REQUIRED ACTION - From the records below, print only the part that opens with the line containing "이렇게 여러 필터가 적용된" and closes with the line containing "Enter, Kamasugar —"; omit the pictures.

SUPPLIED RECORDS -
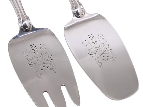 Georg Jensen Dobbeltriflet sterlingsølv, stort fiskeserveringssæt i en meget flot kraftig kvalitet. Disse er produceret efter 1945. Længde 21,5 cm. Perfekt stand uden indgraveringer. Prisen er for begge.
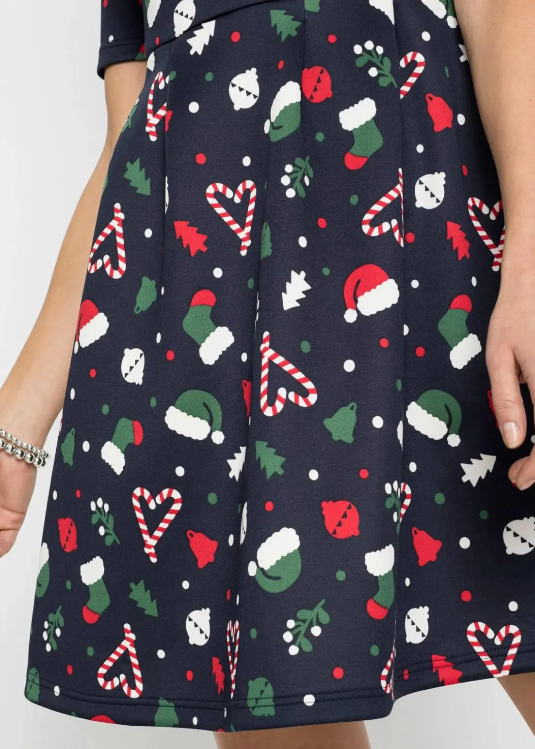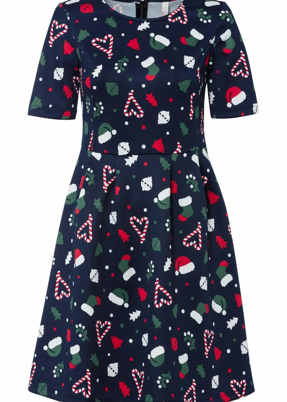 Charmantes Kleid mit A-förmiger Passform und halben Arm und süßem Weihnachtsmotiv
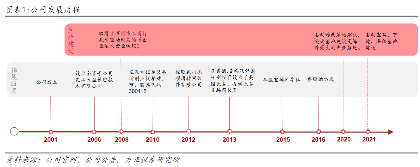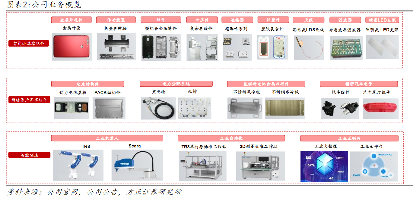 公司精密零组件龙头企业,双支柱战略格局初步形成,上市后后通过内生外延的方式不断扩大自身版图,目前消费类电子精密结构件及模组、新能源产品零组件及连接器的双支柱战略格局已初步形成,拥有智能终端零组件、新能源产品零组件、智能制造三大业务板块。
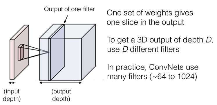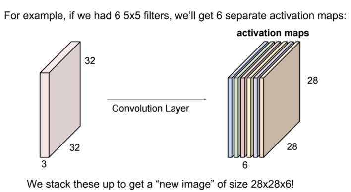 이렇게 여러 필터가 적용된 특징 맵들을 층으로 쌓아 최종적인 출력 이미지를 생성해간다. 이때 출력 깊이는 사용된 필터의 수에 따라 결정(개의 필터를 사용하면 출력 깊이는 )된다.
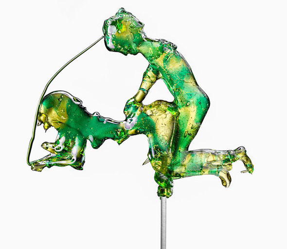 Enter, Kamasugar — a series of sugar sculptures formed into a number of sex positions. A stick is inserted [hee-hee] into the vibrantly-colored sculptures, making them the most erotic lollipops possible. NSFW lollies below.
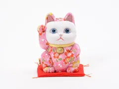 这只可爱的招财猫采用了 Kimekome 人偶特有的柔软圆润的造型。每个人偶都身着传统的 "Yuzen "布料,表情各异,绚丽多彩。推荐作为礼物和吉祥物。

--

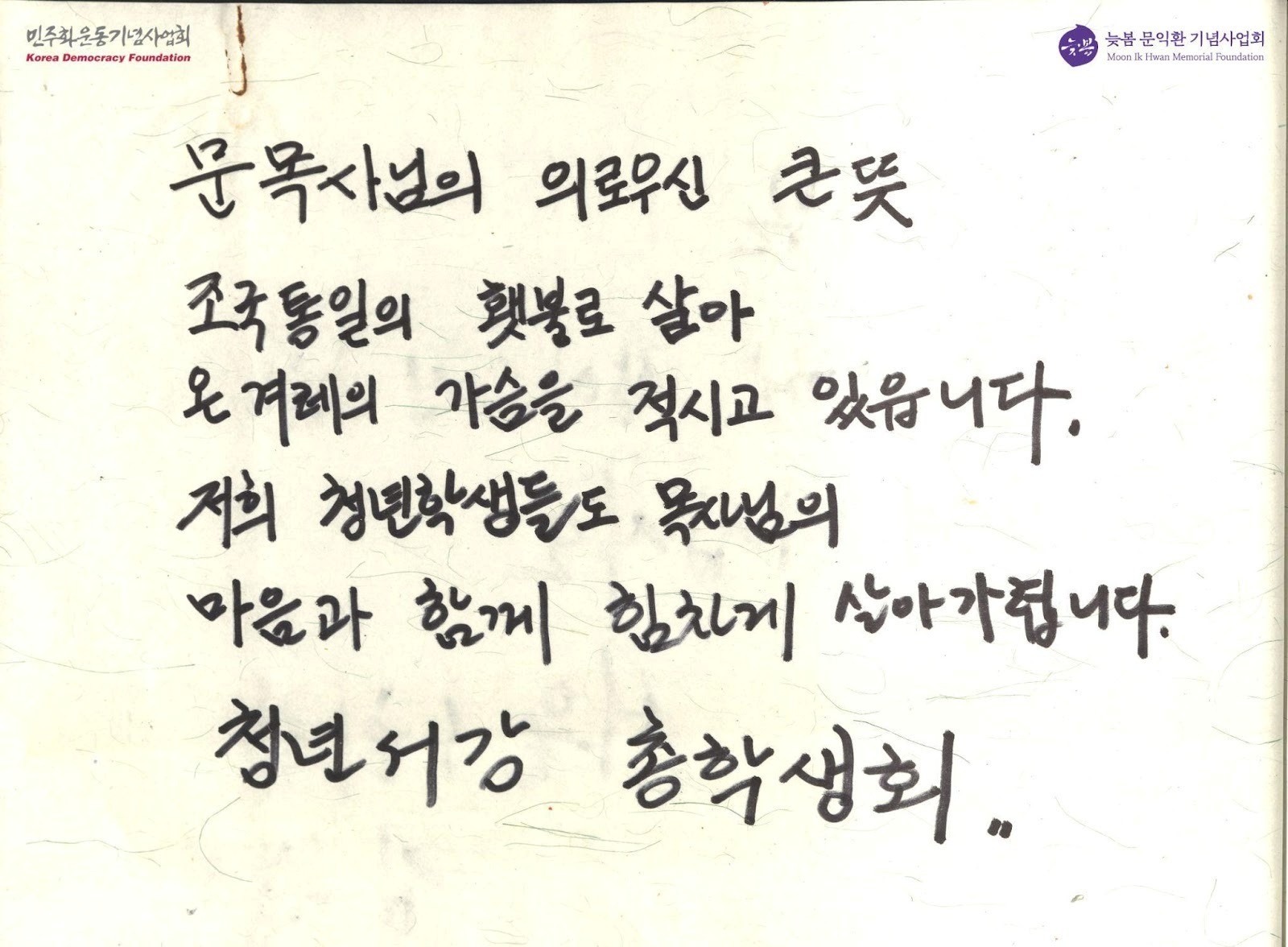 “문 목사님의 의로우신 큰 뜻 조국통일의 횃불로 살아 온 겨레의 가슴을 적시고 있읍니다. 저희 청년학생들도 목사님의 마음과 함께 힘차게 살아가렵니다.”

ANSWER TO THIS EXERCISE -
 이렇게 여러 필터가 적용된 특징 맵들을 층으로 쌓아 최종적인 출력 이미지를 생성해간다. 이때 출력 깊이는 사용된 필터의 수에 따라 결정(개의 필터를 사용하면 출력 깊이는 )된다.
 Enter, Kamasugar — a series of sugar sculptures formed into a number of sex positions. A stick is inserted [hee-hee] into the vibrantly-colored sculptures, making them the most erotic lollipops possible. NSFW lollies below.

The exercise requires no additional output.